REQUIRED WORK: Could you retype only the lines from the one containing "休閑角落以深藍(lán)色和" through the final line of the entries, both included, skipping any images?

RECORDS FOR THIS TASK:

╔══

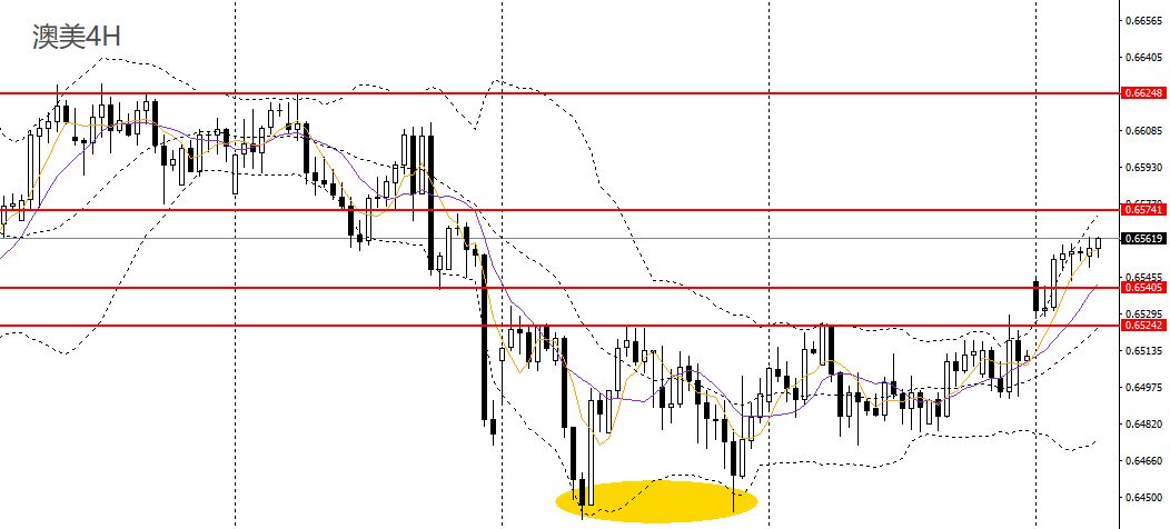 澳美收小阳线,今日延续涨势,未有回补昨日跳空缺口,日线RSI位于50附近,4小时站上关键压力0.6540,如回踩0.6540附近企稳可进多,后市有望继续上探0.6570,0.66-0.6620。
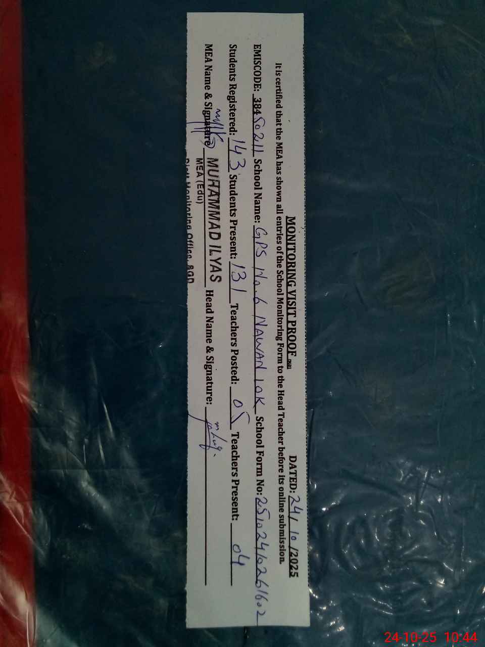 | EMIS Code: 38450211 | Name of School: GPS NO.6 NAWAN LOK SAHIWAL | |||
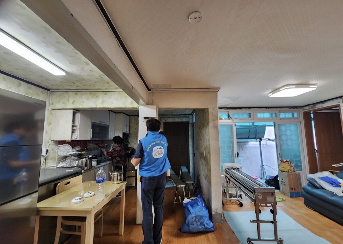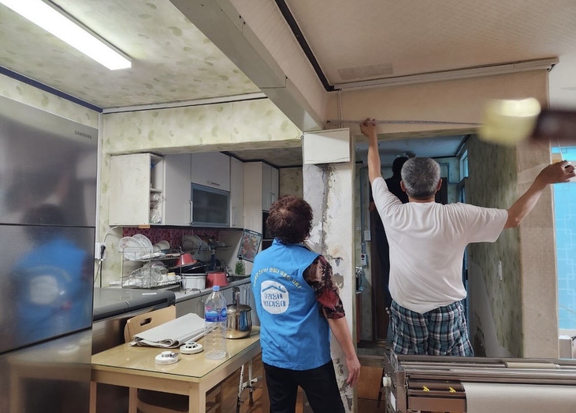 용당2동 우리동네 복지기동대원들이 어르신의 어려운 사정을 듣고 도배 지원에 바로 나섰습니다.
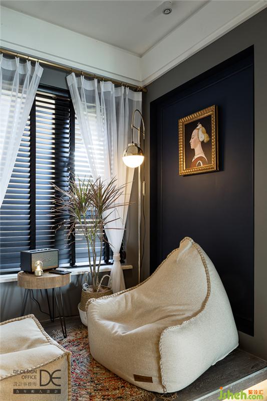 休閑角落以深藍(lán)色和灰色為主調(diào),落地?zé)羧岷偷墓猓由习偃~窗透出的絲絲光線,讓人只想在這里聽著音樂喝著咖啡,安安靜靜地享受精致的下午時(shí)光。
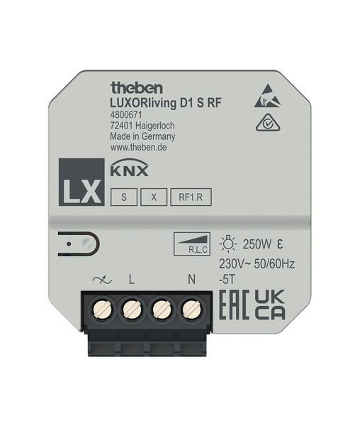 LUXORliving 1-fach Funk-Dimmaktor UP für Smart Home LUXORliving SMARTstart, Sichere Kommunikation über KNX-RF mit Unterstützung von KNX Data Secure, Optimierter Dimmausgang für dimmbare Energiesparlampen, LED, Glüh- und Halogenlampen sowie dimmbare Trafos, Einfache Adaption an verschiedene Leuchtmittel durch automatische Lasterkennung, Einstellbare Dimmkurve für präzises und flackerfreies Dimmen, 2 Binäreingänge für potentialfreie Kontakte wie Taster, Schalter, Temperatursensor (I2), Die Binäreingänge sind ab Werk dem Dimmausgang zugewiesen (Funktionstest vor der Programmierung), Integrierte Temperaturüberwachung für erhöhte Betriebssicherheit z.B. bei Überlast

╚══

RESULT BELOW:
 休閑角落以深藍(lán)色和灰色為主調(diào),落地?zé)羧岷偷墓猓由习偃~窗透出的絲絲光線,讓人只想在這里聽著音樂喝著咖啡,安安靜靜地享受精致的下午時(shí)光。
 LUXORliving 1-fach Funk-Dimmaktor UP für Smart Home LUXORliving SMARTstart, Sichere Kommunikation über KNX-RF mit Unterstützung von KNX Data Secure, Optimierter Dimmausgang für dimmbare Energiesparlampen, LED, Glüh- und Halogenlampen sowie dimmbare Trafos, Einfache Adaption an verschiedene Leuchtmittel durch automatische Lasterkennung, Einstellbare Dimmkurve für präzises und flackerfreies Dimmen, 2 Binäreingänge für potentialfreie Kontakte wie Taster, Schalter, Temperatursensor (I2), Die Binäreingänge sind ab Werk dem Dimmausgang zugewiesen (Funktionstest vor der Programmierung), Integrierte Temperaturüberwachung für erhöhte Betriebssicherheit z.B. bei Überlast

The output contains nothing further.